The fifth and final stage, complexity, is the logical though unpredictable extension of stage IV, and perhaps represents a new approach recognizing that higher levels of cellular organization and regulation impose constraints on the genome, and that genes and environments are inseparably integrated. Epigenetic regulation of the genome1 is seen as the most proximal of a hierarchy of constraints extending outward from DNA structure to the cell boundary and beyond. This stage of the project is now engaged with describing the molecular events involved in DNA and chromatin marking and seeks to understand, among other things, how marking constrains and orders patterns of gene expression. While these studies remain descriptive, the next logical stage is already under way. Connectedness is restated in terms of gene circuits2 or metabolic networks4, so that the large amount of information inherent in systems of genetic or biochemical activity may be collapsed into a logic of circuits and networks.

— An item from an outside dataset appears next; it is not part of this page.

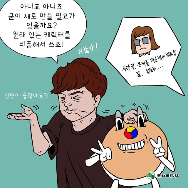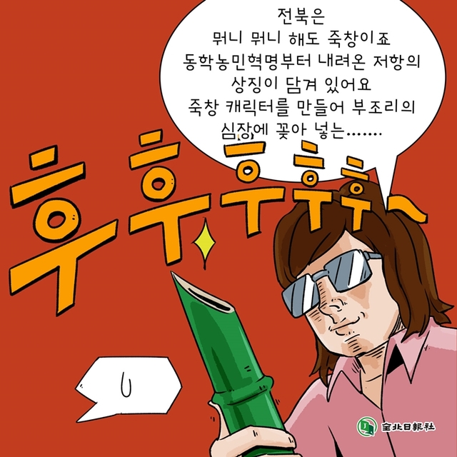 K : 전북은 뭐니 뭐니 해도 죽창이죠 동학농민혁명부터 내려온 저항의 상징이 담겨 있어요. 죽창 캐릭터를 만들어 부조리의 심장에 꽂아 넣는….

The main message here for a biotechnology devoted to finding specific causes and cures for complex diseases is that the desired specificity is severely compromised by a profound genetic, molecular, and informational complexity. For example, coronary artery disease involves several hundred genes. A complex disease like colon cancer is now acknowledged to include not only large–scale mutation but also profound changes in patterns of gene expression9. Genetic instability in the forms of loss of heterozygosity10 and aneuploidy11 also complicate the simple single or even multiple gene mutation theories of cancer12. Considering in addition the classical but mostly unrecognized uncertainties inherent in widespread epistasis and pleiotropy, the present emphasis on dominant gene effects and on single–gene or protein–based diagnosis and therapy for common human diseases must be seen as unrealistic. The gene–protein circuits and network logic studies cited earlier represent some starting points for the development of new understanding and new technologies for complex human phenotypes.